Also, you too can tell him your feeling-truths and concerns. It is vital that you both begin to create a feeling-based partnership, instead of a 'he said - she said' type of disconnection. It's easier to establish a partnership if you can both begin to be honest with each other about how you each are feeling. 

One of the best ways to gain honesty and trust is for each person to simply listen without reacting while the other person is sharing their feeling-truths. This is often not an easy thing to do, but will get easier as you practice simply just listening and being compassionate.

There is a need for you both to regain your mutual trust, but once you do, you both get to determine the 'rules of partnership' that you both feel good about following.

I hope some of what I've written here resonates with your situation. I offer a Home Study Course that can help you both get in touch with your feelings and learn how to communicate those feelings in a very powerful and respectful manner. Message me for more info on this if you wish.


----------



## badmemory (Jul 31, 2012)

I know that since he confessed this discretion, you feel he had no reason to not be completely truthful about it. But you should take it with a grain of salt.

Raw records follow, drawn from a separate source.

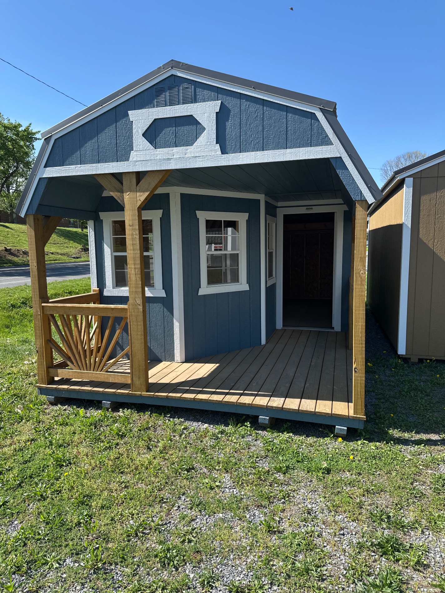 The Playhouse package is an easy add-on if you’re looking to give your barn or shed some country style and a place to sit in the shade. It includes a 9-lite walk-in door, 4ft of porch, two porch posts, and three 2x3ft single-pane windows. The Utility version includes 8ft walls.As an upgrade to the Utility Shed with Playhouse Package, the Vaulted Gable utilizes painted wood posts, beams and a crow’s foot architectural detail to create a full height open front porch.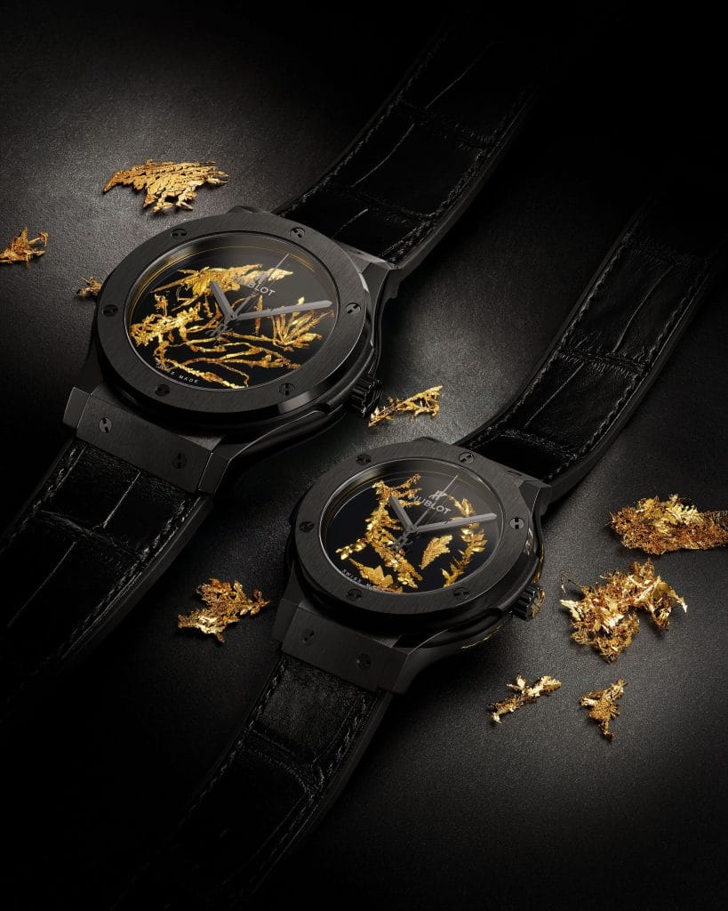 « Chacune de nos montres Classic Fusion Gold Crystal est une oeuvre unique, non reproductible. Une unicité de la matière et du design rendue possible grâce à notre maitrise du processus de production complexe. Nous sommes parvenus à reproduire l’or sous sa forme terrestre la plus rare : le cristal d’or. De la nuit des temps au cadran de nos montres en passant par notre belle nature suisse, l’or n’a pas fini de nous fasciner. Il est ici montré dans son expression la plus pure, la plus magique. » Ricardo Guadalupe CEO Hublot
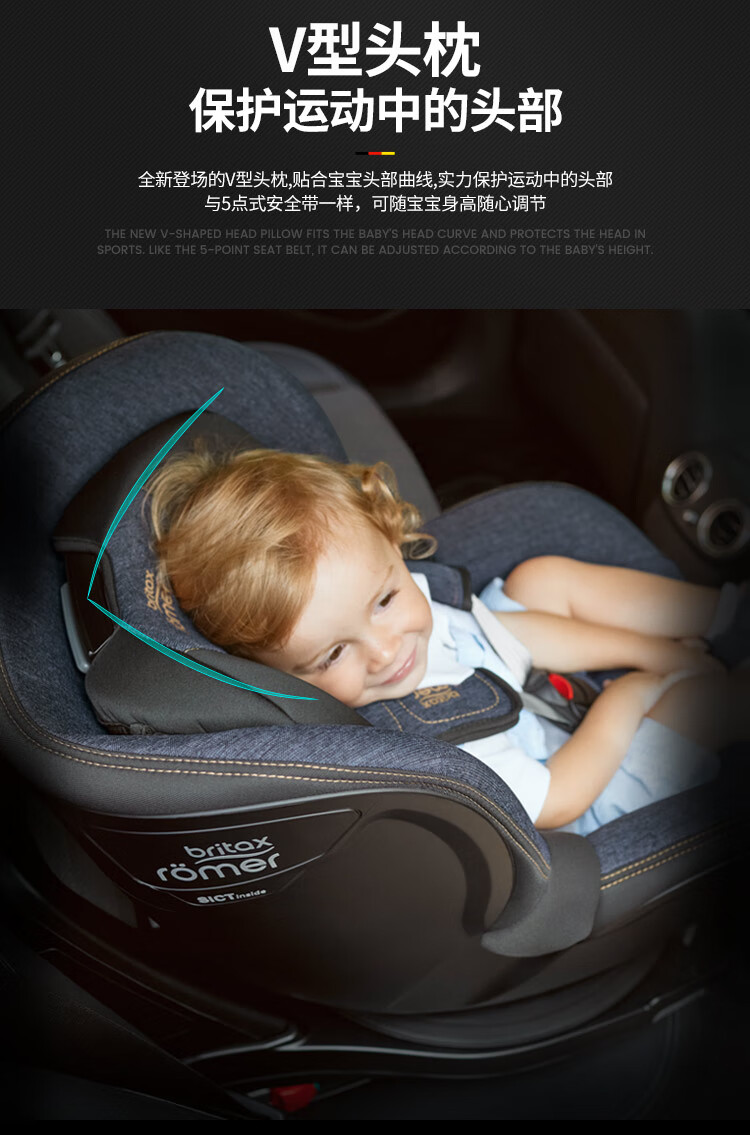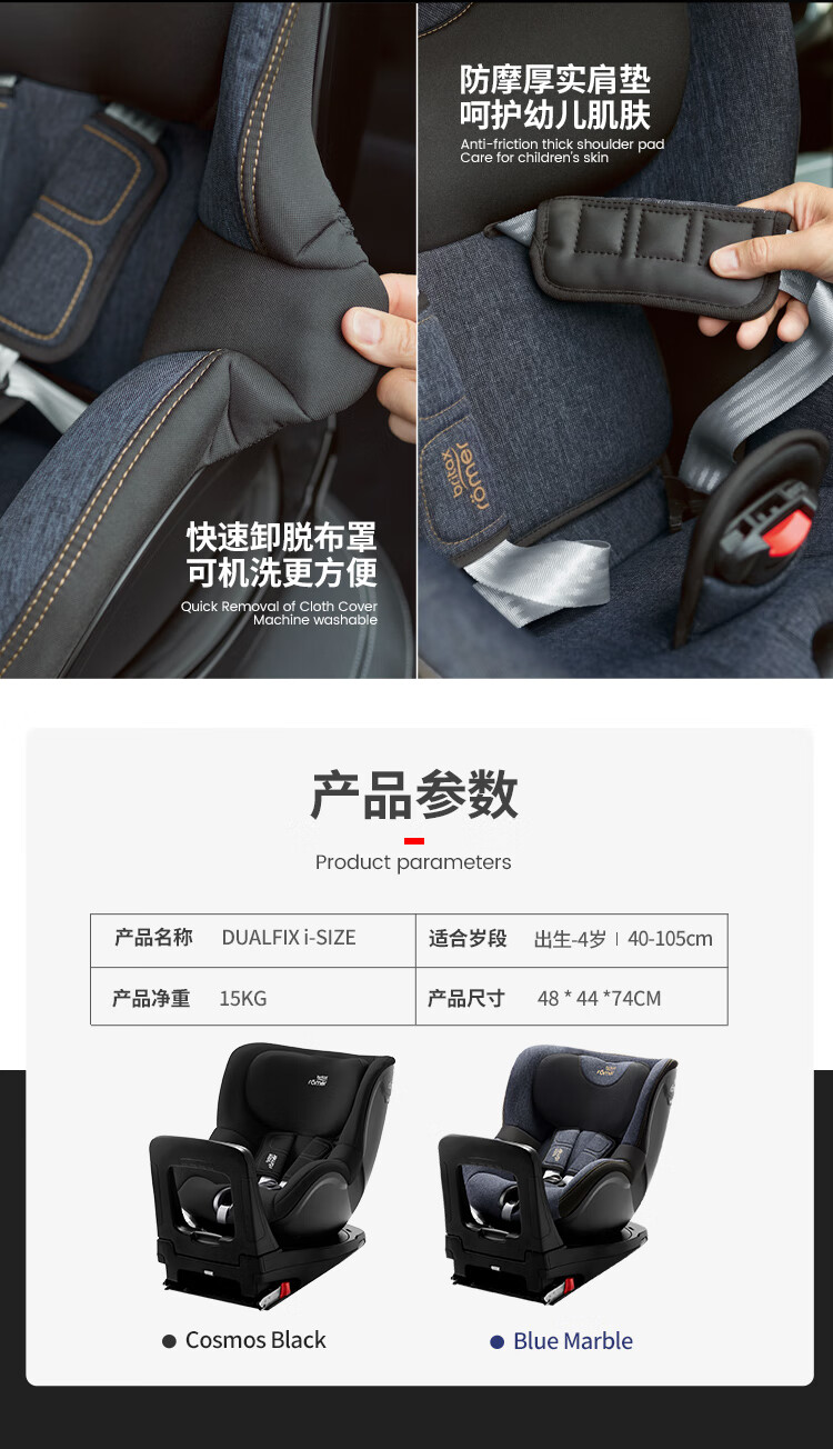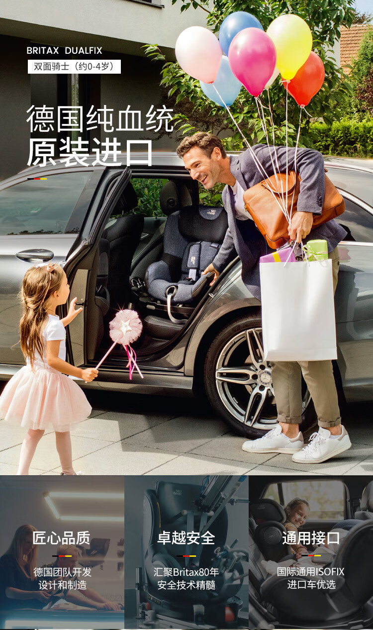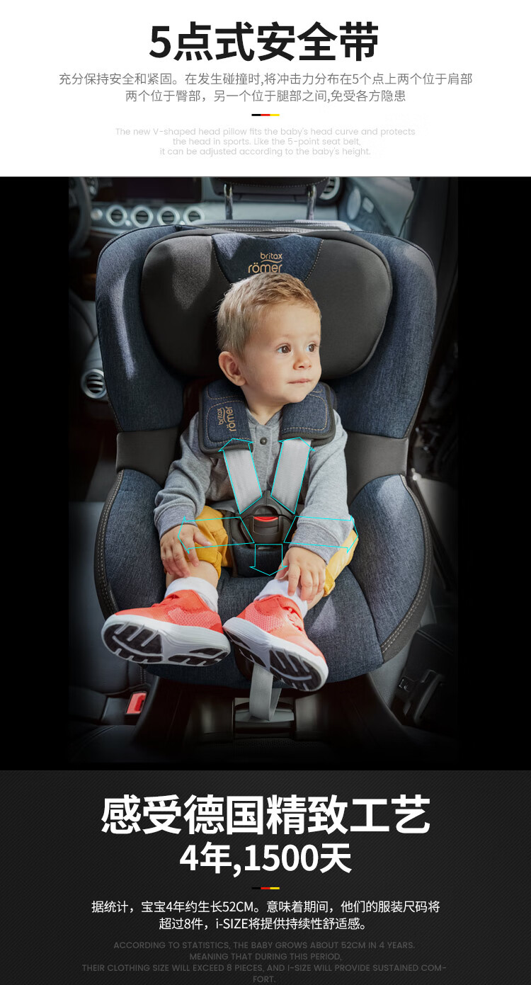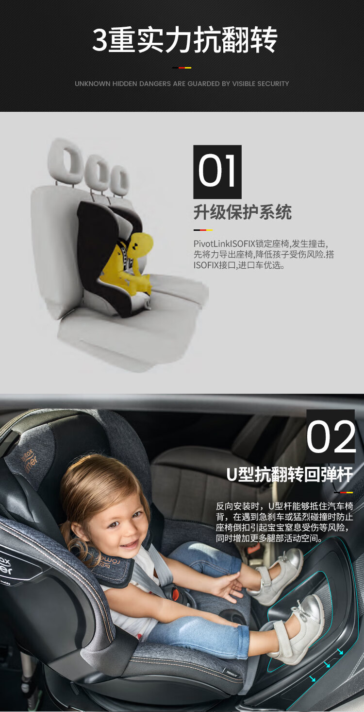 宝得适(BRITAX)儿童安全座椅0-4岁德国进口360度旋转双面骑士isize太空黑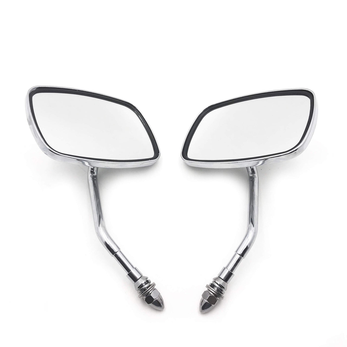 Q: What is the size of the mirrors?A: Each mirror measures approximately 121mm (4.75 inches) in length and 82mm (3.25 inches) in width, with a stem length of about 145mm (5-7/16 inches), making them a suitable size for a wide range of motorcycles.
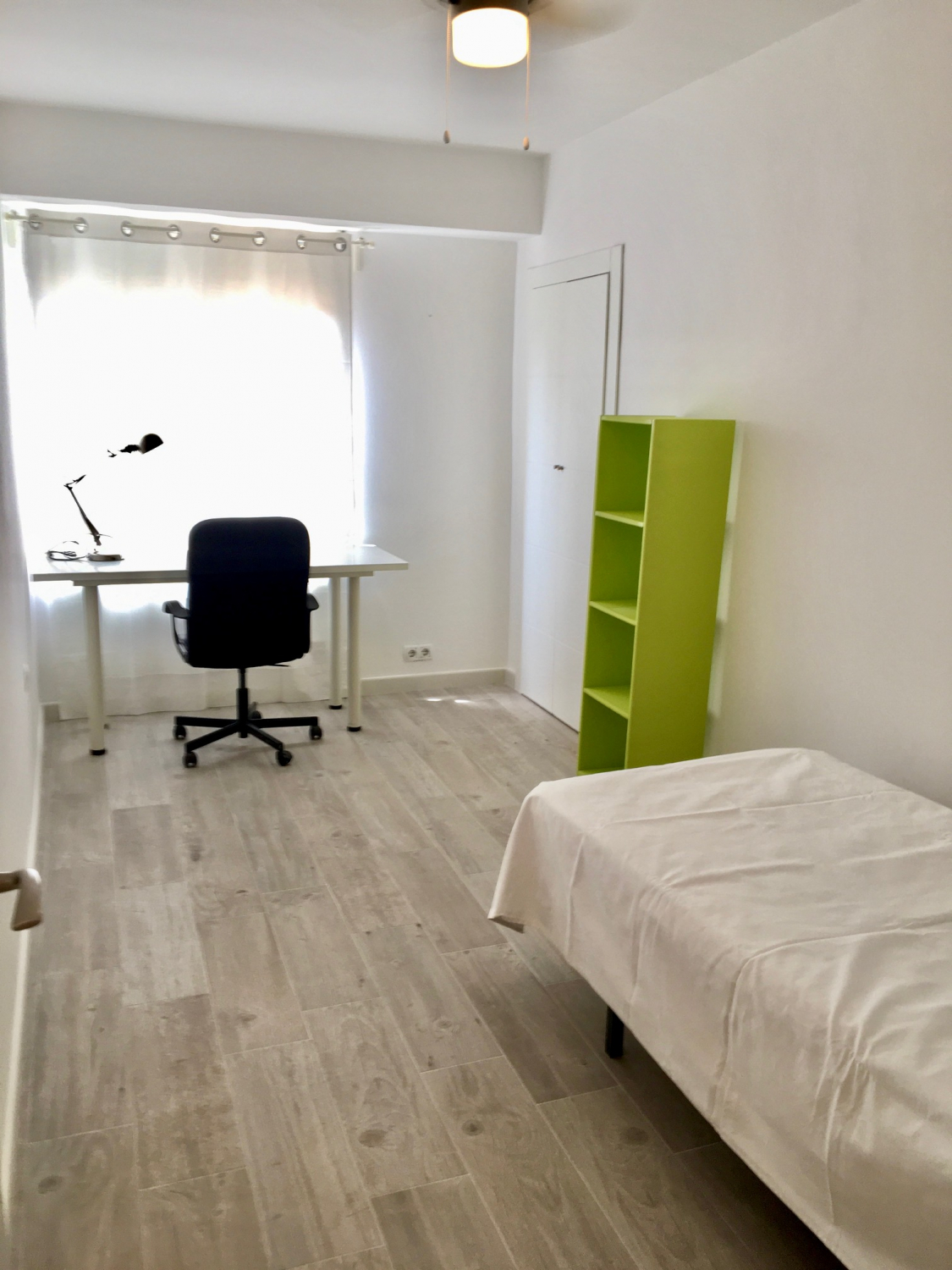 Todas sus habitaciones disponen de grandes ventanales que aportan alegría y mucha luz. Cada habitación dispone de todo lo necesario para hacer tu estancia confortable y cubrir todas tus necesidades para estudiar, mesa grande, estanterías y por supuesto armarios empotrados con capacidad suficiente para mantener tu habitación ordenada.

He may very well have not slept with her, but there's a possibility he did, and told you a half truth to assuage his guilt. Perhaps guilt for this time or perhaps for another time.

All I'm suggesting is that you not take everything he says at face value. If he is a typical alcoholic, his emotions will be volatile and unpredictable.


----------



## wisrdh (Oct 25, 2013)

Thank you all for your suggestions and comments. It's going to take some time for me to trust him again. I know there are marriages that are much older than ours that go thought the same thing. It happened to my parents which is one reason why I'd never be the one cheating. I saw how much it hurt my father and I could never do that. I was only 11 when it happened and I still remember it vividly and I don't want that for my children. As someone mentioned before drunk driving has also been an issue. I don't want to paint him to be this monster because he's not. He is sick with addiction. We are discussing AA currently. He knows he needs help. I am also wondering if I should make him get an HIV test? I know it won't show up immediately so I will have to be in a while from now. I don't plan on having sex with him anytime in the near future anyway so no loss there.


----------



## MovingAhead (Dec 27, 2012)

wisrdh said:


> Walter- Thank you for your response, but I do not need to be made felt like I am stupid. I am hurt and obviously I know what he did was wrong. I wouldn't be here otherwise.


You weren't being patronized. I suggest you stop being so defensive. No one is attacking you and if you are being defensive, you aren't being open minded.

Your husband obviously had a desire to cheat. He may or may not have committed the act. You are punishing him because he has been bad and I understand that. I know you are hurt and I'm very sorry you are here.

Are you loving him as well? If you want to divorce him, punish away. It will push him away. If you withhold affection, that will also push him away. Nobody wants to be in a relationship where they feel like they are being punished all the time. Although your husband was a total a$$, it is ok to tell him that you love him. You can even tell him you love him while beating him on the head with a frying pan.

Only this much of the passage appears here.